Земля, которую он купил, вначале была не очень хорошей. Она истощилась за годы невнимательного и небрежного отношения к ней. Но Джеф Йорк посадил в оврагах кусты, чтобы больше не вымывалась почва, и засеял истощенные поля клевером. Починил ограду, жердь за жердью. Залатал на домике крышу и подпер веранду, покупая доски и дранку чуть ли не поштучно, в зависимости от того, на сколько хватало блестящих от пота и скользких от жира четвертаков и полудолларов. Потом покрасил дом. Покрасил в белый цвет, зная, что так надо красить дома, стоящие среди кленов, вдали от дороги, за клеверным полем.

В последнюю очередь он поставил ворота. Патентованные ворота, к которым можно было подъехать и открыть их, просто дернув за веревку, не слезая при этом с лошади или повозки. Они держались на двух высоких столбах, прочно скрепленных перекладиной, и с обеих сторон имели приспособления для запуска механизма. Ворота он тоже покрасил белым. И гордился ими больше, чем самой фермой. А его сосед Льюис Симмонс клялся, что затемно видел Джефа проезжавшим на муле через ворота туда и обратно, просто ради удовольствия дернуть за веревку и привести механизм в действие. Ворота стали чертой, которую Джеф Йорк подвел под всеми годами труда и самоограничения. Теперь, в воскресный летний день, перед тем как идти на дойку, он мог посидеть на своей веранде, и, глядя на холмы, на извилистую грунтовую дорогу, на белые ворота за клевером, он знал все, что ему нужно было знать о прошедших годах.

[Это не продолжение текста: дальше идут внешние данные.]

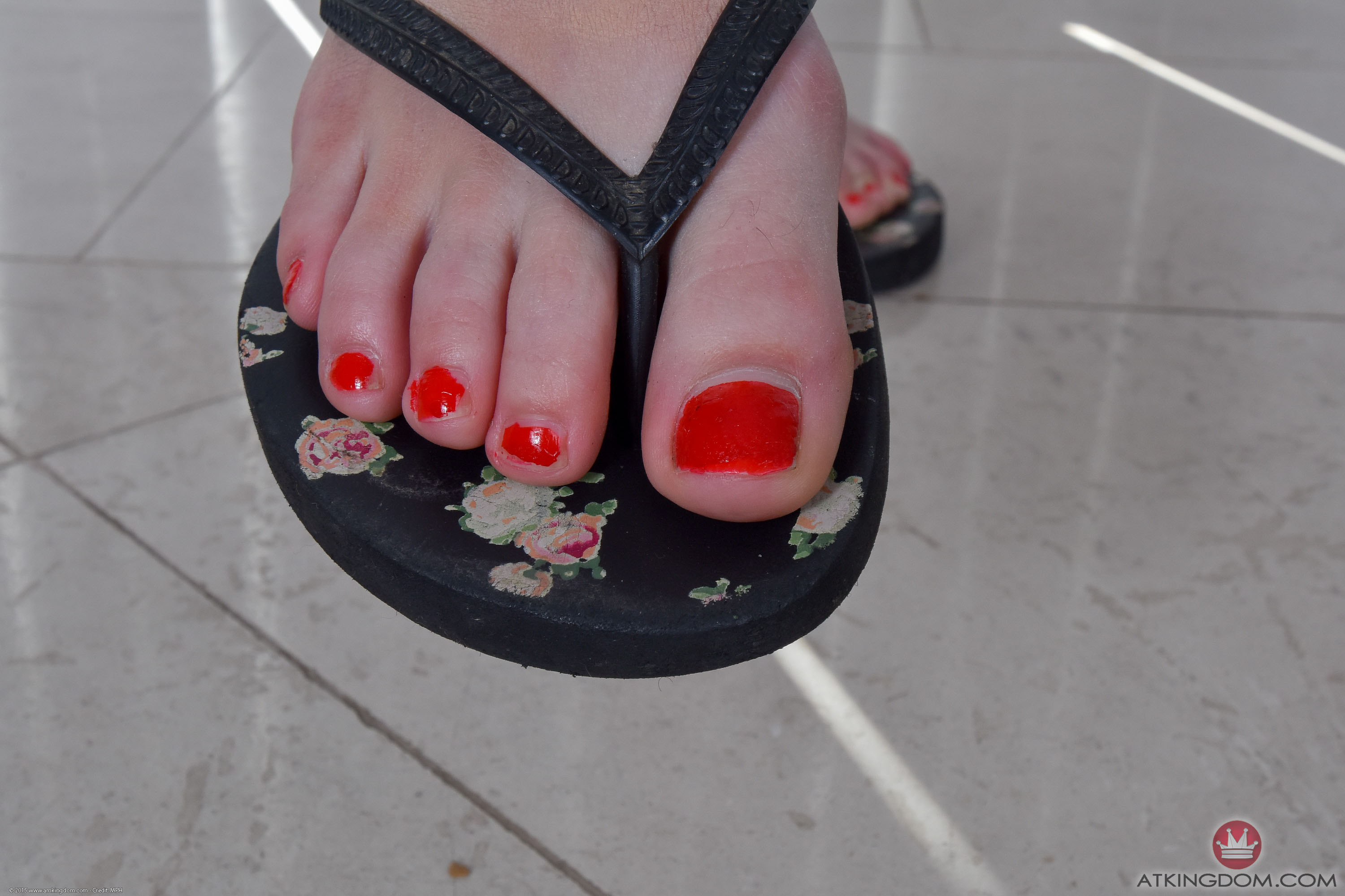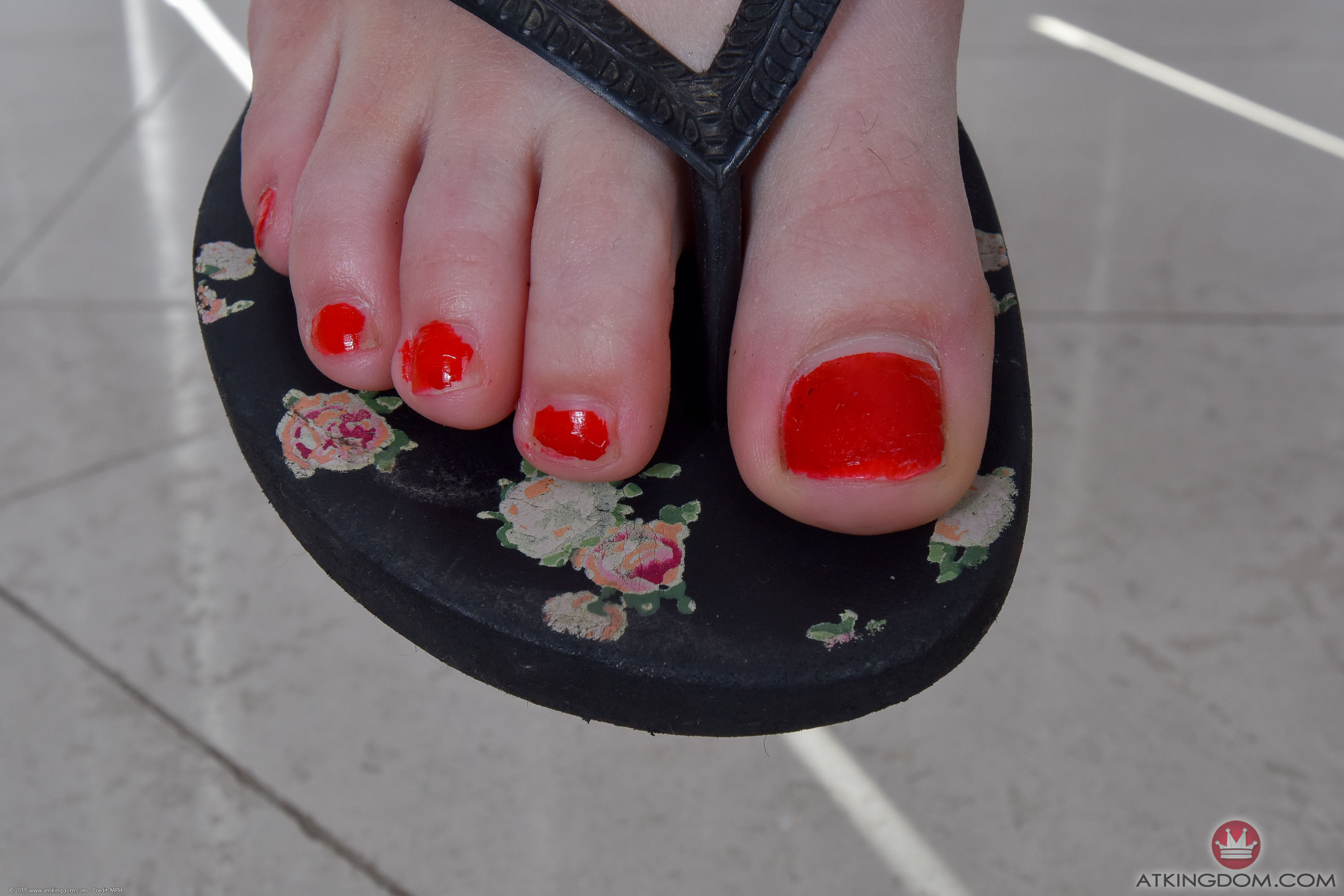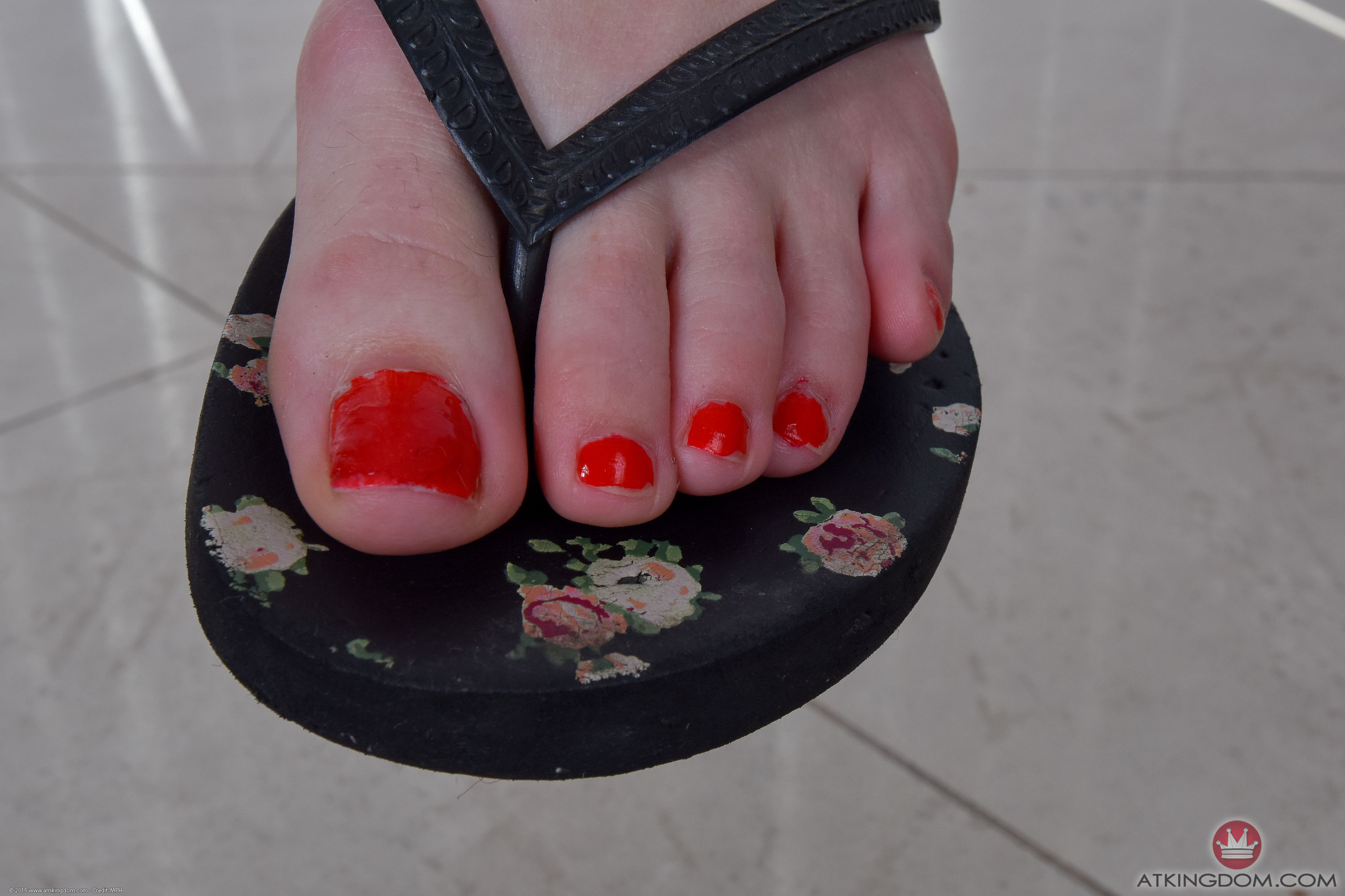 Alice March is always happy when she gets to show off her feet. She's got her toes painted red for the occasion because she knows how hot you find that. You'll love checking out Alice's beautiful soles, and her sweet pussy alongside them.

Между тем Джеф Йорк женился, у него появилось трое ребятишек. Жена была почти на двадцать лет моложе; маленькая, темноволосая женщина, она слегка наклоняла голову при ходьбе и в этой позе смиренного, безобидного человека украдкой поглядывала на мир своими карими или черными глазами - какими, нельзя было определить точно, потому что никто не помнил ее прямого взгляда, неожиданно яркими, если вам удавалось поймать этот короткий косой взгляд - как у маленькой, хитрой птички, вдруг вылетевшей из кустов. Когда они бывали в городе, она шла по улице с ребенком на руках, а позже уже с тремя, семенившими сзади, и украдкой смотрела на мир. Она носила ситцевое платье мышиного цвета, висевшее на ней и полностью скрывавшее формы ее худого тела, а зимой надевала поверх платья коричневое шерстяное пальто с остатками меха на воротнике, напоминавшими облезлый лишайник на старом дереве. Она ходила в черных туфлях на высоком каблуке, похожих на бальные лодочки, всегда начищенных и довольно странно выглядящих в сочетании с платьем и пальто. В своих бальных туфлях она двигалась прихрамывающей, крадущейся походкой, почти скользя ногами по земле, словно еще не вполне овладела сложным искусством ходьбы в такой обуви. Сразу было заметно, что она надевает их только в городе, а пока повозка не подъедет к первым домам на окраине, держит завернутыми в газету, чтобы потом, на обратной дороге, в том же месте снять их и опять завернуть и везти сверток на коленях до самого дома. А в плохую погоду или зимой под сиденьем повозки стояли ее старые грубые башмаки.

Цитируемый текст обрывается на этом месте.